Neovascularization (NV) is the term used to describe the local formation of new vascular structures at previously avascular sites. Several models of neovascular processes have been proposed10, 14, 18, 24, 25, 43, 81, 104, 117 including 1) vasculogenesis, which is the formation of new blood vessels from bone marrow-derived angioblasts, predominantly during embryogenesis; 2) local recruitment of endothelial progenitor cells; and 3) angiogenesis, which is the formation of new vessels from preexisting vascular structures.31, 170 Angiogenesis is a common feature of corneal and retinal disorders as well as cancer metastasis and is usually stimulated by changes in the endothelial cell microenvironment (e.g., trauma, hypoxia, oxidative stress, mechanical strain, and genetic changes).46 Physical changes that occur during NV include extracellular matrix (ECM) degradation, ECM remodeling, cellular migration, and cellular invasion. The pathologies associated with NV in the normally avascular cornea include herpetic stromal keratitis, diverse inflammatory disorders, systemic or autoimmune diseases, corneal graft rejection, infectious keratitis (and other corneal infection/inflammation), contact lens–related hypoxia, alkali burns, stromal ulceration, corneal epithelium weakness, recurrent erosion syndrome, diabetes mellitus–related epithelial weakening, and limbal stem cell deficiency.171 Corneal NV is also seen in some congenital disorders such as aniridia, which involves complete or partial absence of the iris. In such conditions, the balance between proangiogenic and antiangiogenic factors favors NV, with both upregulation of proangiogenic factors, such as vascular endothelial growth factor (VEGF) and basic fibroblast growth factor (bFGF), and downregulation of antiangiogenic factors, such as endostatin and thrombospondin-1.43, 47, 176

The cornea is avascular under normal conditions and, even when damaged, typically heals without NV.24 This persistent avascularity of the cornea, which is necessary for vision clarity, may be facilitated by: 1) the tightly organized packing of collagen fibrils, 2) the angiostatic nature of corneal epithelial cells, 3) the immune privilege of the cornea, mediated by factors such as transforming growth factor-β (TGF-β) in tears, 4) the comparatively hypothermic nature of the cornea, 5) extensive neuronal innervation, 6) the movement of the aqueous humor on the endothelium, 7) low levels of proangiogenic matrix metalloproteinases (MMPs), 8) active production of antiangiogenic factors after corneal injury, and 9) the barrier function of the limbus.14, 43

To maintain corneal clarity, proper corneal wound healing is critical.

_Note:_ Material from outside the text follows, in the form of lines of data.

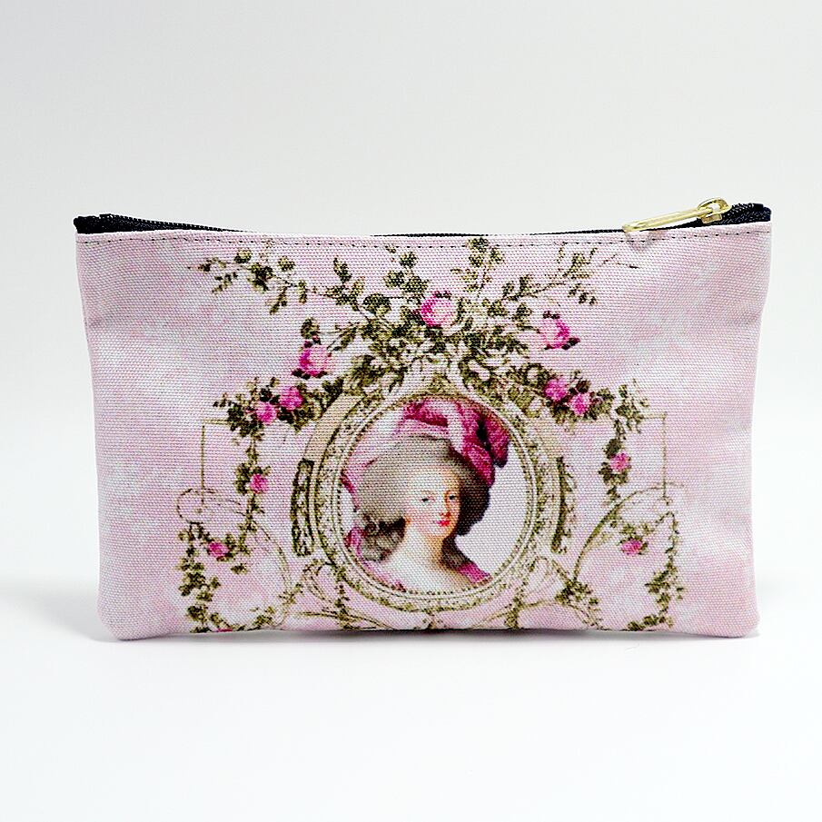 この平型ポーチは、まるでマリーアントワネットの宮廷にタイムスリップしたかのような優雅さを漂わせています。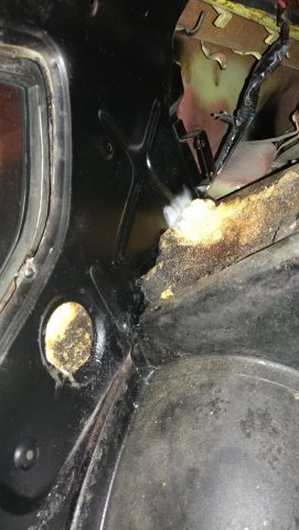 So the car was rear-ended at some point in its life. And the person who repaired it did not want to do it right (that's why my taillights are goofy if you were wondering). I also think they replaced the thin metal panel the interior plastics mount to on the passenger side with a new one, because there are weird welds and a copious amount of seam sealer around it. Another bright idea that they had was to fill the area between the thin metal panel that was replaced with a TON of insulating spray foam, and in doing so encased the part of the wiring harness that runs back to the taillights inside of the foam. I tried to yank on it first, didn't budge, couldn't even feel the tension on the other end of the harness. I sprayed acetone and brake cleaner on a chunk that I peeled of off the shock tower and it didn't dissolve it at all. One thing they tried to do was add connectors to the harness down where it goes into the foam by the rocker, what they failed to do was leave enough room to actually plug stuff back in. I cant get my hands in there enough to plug what I had back in. So splicing my 71' harness and connecting it to the 72' harness that's in the foam isn't an option, plus the rear of the harness is already pretty horrible and spliced on the original harness. So Hybridz, any suggestions on how to get the foam out of there/ get the new harness ran in there short of cutting out that panel? I plan to do it right eventually, but I'd really like to get it running by the end of summer and I don't want this to be a project that means I can't drive it before the Wisconsin winter sneaks up on me. I ended up swapping to my 71' dash and harness last night after work and for now I just have the rear section of harness running on the outside of the wheel well. -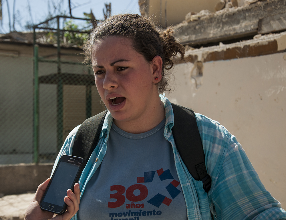 Entre la muchedumbre, estudiantes de medicina parecen moverse en silencio. Tocan todas y cada una de las puertas que están cerradas, preguntan a los vecinos que están sentados en las aceras, en los contenes o entre los escombros. Samuel López estudia imageneología y esta semana ha estado haciendo pesquisas. “Chequeamos a los diabéticos, los hipertensos, las embarazadas y damos un informe a la doctora del policlínico. Nos interesamos también por aquellas personas que han perdido el tarjetón de los medicamentos, si alguien tiene alguna lesión, fiebre o algún malestar”, esa es también nuestra forma de ayudar.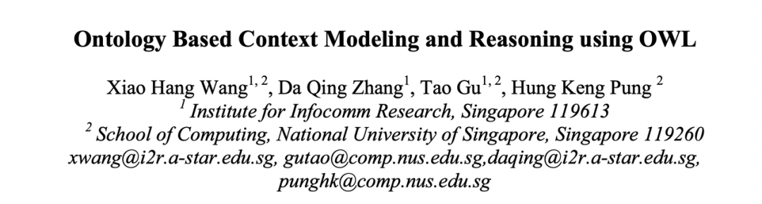 “这就相当于定义了一个概念字典,又能利用关系做推理。”这给了他极大的启发。张大庆立即和团队讨论如何将 Ontology 的概念应用到情境建模中,提出了一个基于“Web Ontology Language(OWL)”标准的层次情境模型 CONON,并在 CONON 的基础之上构建了情境中间件 Semantic Space 和 SOCAM,可对情境进行推理和一致性检查,并能支持对情境感知应用的快速敏捷开发。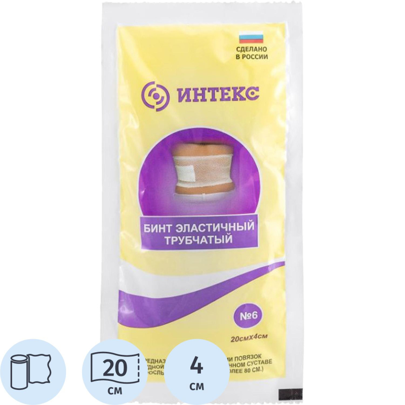 Бинт №6 трубчатый 'ИНТЕКС' используют для фиксации повязок. Бинты обладают хорошей эластичностью, поэтому растягиваются до нужных размеров и надежно обхватывают место перевязки. Индивидуальная упаковка бинтов 'ИНТЕКС' изготавливается из пленки ПВХ и содержит маркировку на каждой штуке, упаковка водостойкая и защищает бинты от повреждений при транспортировке и хранении. 1 упаковка включает в себя 20 штучных бинтов. Бинт № 6 предназначен для фиксации сухих и влажных повязок на грудной клетке и тазобедренном суставе взрослых. По всей длине бинтов №6 нанесена маркерная полоса бежевого цвета, которая предназначена для правильной ориентации бинта по оси при наложении его на тело, с целью предотвращения перекручивания бинтов при их использовании. ПОРЯДОК ИСПОЛЬЗОВАНИЯ: Перед вскрытием убедитесь, что срок годности трубчатого бинта №6 не просрочен, если срок годности хороший - вскройте разовую упаковку. Достаньте из упаковки трубчатый бинт 'ИНТЕКС' №6 и аккуратно натяните его на место, где закреплена фиксируемая салфетка или повязка. После чего, займитесь распределением трубчатого бинта №6 по окружности места травмы так, чтобы осевые нити сетки были прямыми. Следите за маркерной полосой на поверхности бинта, она не должна перекручиваться.

Corneal stromal wound healing occurs in 4 phases. In the first phase the keratocytes adjacent to the area of the epithelial defect undergo apoptosis, leaving a central zone devoid of cells. This cell death has been suggested to initiate the healing response.111 In the second phase the keratocytes immediately adjacent to the area of cell death proliferate to repopulate the wound area. For example, in rat corneas, proliferation occurs 24 to 48 hours postwound.34 Within this phase the keratocytes transform into fibroblasts that migrate into the wound area, a process which may take up to 1 week.34 This transformation is evident at the molecular level, with reorganization of the actin cytoskeleton in the development of stress fibers and focal adhesion structures and activation of new genes encoding ECM components, such as fibronectin, cell adhesion molecule, α5 integrin, ECM-degrading MMPs, and cytokines.14, 15, 16 The same transition can be seen in vitro. When keratocytes are isolated from the corneal stroma and subcultured in serum-containing medium, they acquire the fibroblast phenotype.104 The migratory repair fibroblasts contain filamentous-actin and are elongated, spindle shaped, and highly reflective. These fibroblasts induce the synthesis of the α5 integrin chain, which results in the formation of the α5β1 integrin heterodimer, the classic fibronectin receptor. This occurs concomitant with a reduction in fibronectin content in the wound area. In addition to forming the ECM, these repair fibroblasts synthesize several MMPs, including MMP-1, -2, -3, -9, and -14.104

In the third phase of stromal wound healing, transformation of fibroblasts into myofibroblasts may occur and can be observed via α-smooth muscle actin staining. Myofibroblasts appear as stellate cells and are highly reflective, but are limited to within the wound area. The extent of fibroblast transformation into myofibroblasts seems to be dependent on the type of wound and the integrity of the Bowman membrane. In general, gaping wounds and wounds in which the Bowman membrane is removed result in greater myofibroblast generation than wounds that do not penetrate the Bowman membrane. This process, which may take up to 1 month to become histologically apparent, can lead to a decrease in corneal clarity and vision deterioration.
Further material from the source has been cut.